Cybernetic Magic
Following two exhibitions of Suzanne Treister’s multimedia project HEXEN2.0 at the Science Museum and Work Gallery this Spring, cybernetic historian Andrew Pickering delves deeper into the work’s dense web of connections, tracing open-ended relationships between militarism and counter-culture, science and sorcery
Suzanne Treister’s HEXEN2.0 is a marvellously rich, suggestive, erudite and important work. It began, she tells us, ‘in the Texan desert in early 2009’, when,
I first observed a possible connection between the mid-twentieth century theories and applications of cybernetics, which arose out of World War Two, primarily in the USA, where they answered a perceived need for a more controlled society, and our current world of online social media and what is referred to as Web2.0. The link was feedback, as in cybernetic feedback loops, with a potential outcome not only of human connectivity and autopoiesis... but also of governmental control.

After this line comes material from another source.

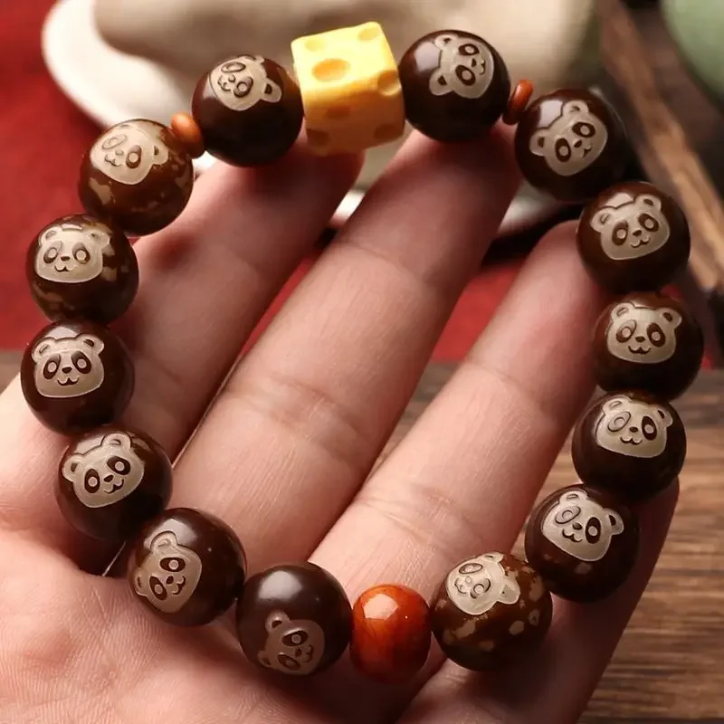 Natural Raw Skin Bodhi Carved Red Panda Bracelet Men's and Women's Fingers Rub Original Seeds To Make Money Hand String Handheld

The material outcome is a set of 78 HEXEN2.0 Tarot cards and a book, both of them beautiful and stylish, and both operating at two levels, images and text. We can take the text first and then the imagery.
The cards are labelled as conventional Tarot cards, but their subject matter and information content is historical. The first, ‘0’, is ‘The Fool’ – none other, here, than Aldous Huxley. The writing that surrounds a sketch of his face includes, amongst other things, ‘1954 The Doors of Perception,’ ‘Vedanta Society California,’ and ‘LSD’ – it tells us what Treister considers most relevant about the man, what he wrote and what he was into. ‘I The Magician’ is Timothy Leary, presented similarly. ‘II The High Priestess,’ is not a person but the Macy Conferences held in the US between 1946 and 1953, in which cybernetics as a distinct field is conventionally held to have been born. Treister lists many of the attendees at the meetings (though not quite all – where is Grey Walter, for instance?) and tells us a little about the background and interdisciplinarity of these meetings (including a statement that the meetings were ‘US government funded,’ though actually the money came from the Josiah Macy Jr Foundation – hence the name). And so on.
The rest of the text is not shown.